Homework 1: How I brush my teeth
SE 367: Introduction to Cognitive sciences
Bhuwan Dhingra (Y8167)

The very first thing I realized while brushing my teeth in the morning, was that every day I brush in exactly the same manner. The entire process from applying paste to the brush, to rinsing my mouth at the end is fixed and almost never varies. Starting off with cleaning the front teeth, I always move to the right side of my mouth, followed by the left, followed by the inner part of the teeth, and a final round for the frontal portion before rinsing my mouth. The second observation I made, was that I never really think about brushing my teeth while brushing my teeth. My thoughts are always on something other than the task at hand of brushing. Even when I paid special attention to it, for this assignment, I never thought about how was I doing it, my hands seemed to move by themselves.

The above two observations clearly indicate that there is some algorithm for brushing my teeth coded into my subconscious. It automatically gets executed instruction by instruction when I enter the bathroom in the morning. The role of vision in this process is actually pretty interesting. Vision is not necessary, in that I can brush my teeth equally well without looking in the mirror, but it does constitute to the smooth functioning of the algorithm. Closing my eyes while brushing makes me much more aware of the algorithm by which I do it, and makes me think about how am I doing it. Somehow the process moves from the subconscious to the conscious if the sensory input of vision is removed.

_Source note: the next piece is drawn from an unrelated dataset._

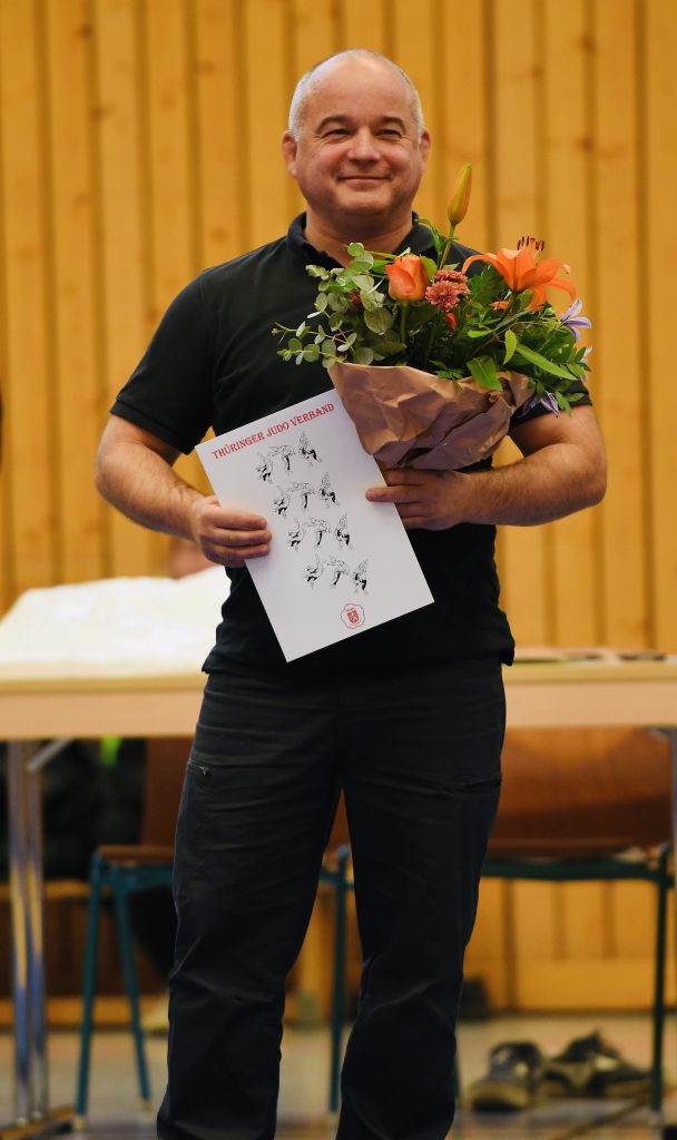 Den 5. Dan erhielt Tobias Tejkl, der seit Jahrzehnten zu den prägenden Persönlichkeiten des Thüringer Judos zählt. Als Trainer, Prüfer und Funktionär beim FSV 1950 Gotha hat er Generationen von Judoka auf und neben der Matte begleitet. Seine Trainingsarbeit ist geprägt von pädagogischem Feingefühl, technischer Präzision und tiefer Verbundenheit mit den Werten des Judo. Zahlreiche seiner Athletinnen und Athleten erreichten Erfolge bis hin zu Europameisterschaften und Deutschen Meisterschaften. Darüber hinaus engagierte sich Tobias Tejkl über viele Jahre in der Graduierungs- und Öffentlichkeitsarbeit des Verbandes und ist heute als Vizepräsident des Thüringer Judoverbandes aktiv. Sein Wirken ist ein herausragendes Beispiel für nachhaltiges, ehrenamtliches Engagement, das weit über den Verein hinauswirkt und den Verband inhaltlich wie menschlich bereichert.
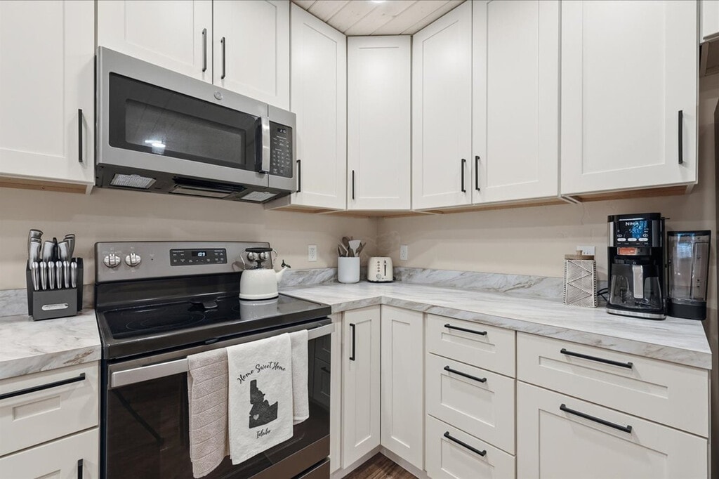 Feel at home in this modern, 2021 custom-built home in Boise! This good-sized 1,700 square foot home is in a fantastic location. The professionally decorated space features unique furnishings and a warm ambiance. Complimentary live TV and coffee are provided. The fully loaded kitchen comes with stainless steel appliances such as a microwave, fridge, stove, and dishwasher, along with glasses, mugs, dishes, and cutlery. Enjoy the fully fenced back area between the house and garage. Free parking is available via street parking with the provided parking pass. This home is dog-friendly, so you can bring along your furry friends for your trip (limit 2). This home is a 5-minute walk to Boise State University and close to the downtown restaurant scene. Easy access to the amazing local water park and blocks from Bronco Stadium and the Boise State University campus. The neighboring houses are able to see into the backyard area fairly easily. The home occupancy permit allows 6 people. Smoking or vaping is permitted outside as long as you clean up after yourself and keep the smoke and vapors more than 10 feet from open doorways or windows; the smoking fee starts at $500, and you will also be charged the cost of cleaning and removing the smell. Quiet time is between 10 pm and 8 am to respect neighbors and the area; no loud music or shouting is permitted after this time. Cats are not permitted due to severe allergies that the homeowner has. Fast Wi-Fi is available, ideal for working remotely. You will have access to the entire place other than the garage during your stay! [SI]

Obviously this algorithm was not in my subconscious at birth, so the question remains about how did I learn it? Say I have an ulcer on the left part of my mouth which hurts when I brush there, I have to make a conscious effort to skip brushing that part of the mouth. Even if this ulcer persists for a week, each time I would have to make a conscious effort to skip that step in the process. Probably if I keep skipping that step for a month, it would eventually move to my subconscious and I would not have to think about it anymore. Hence, I believe that learning this algorithm is actually a long and slow process of doing it consciously before it gets coded into the subconscious.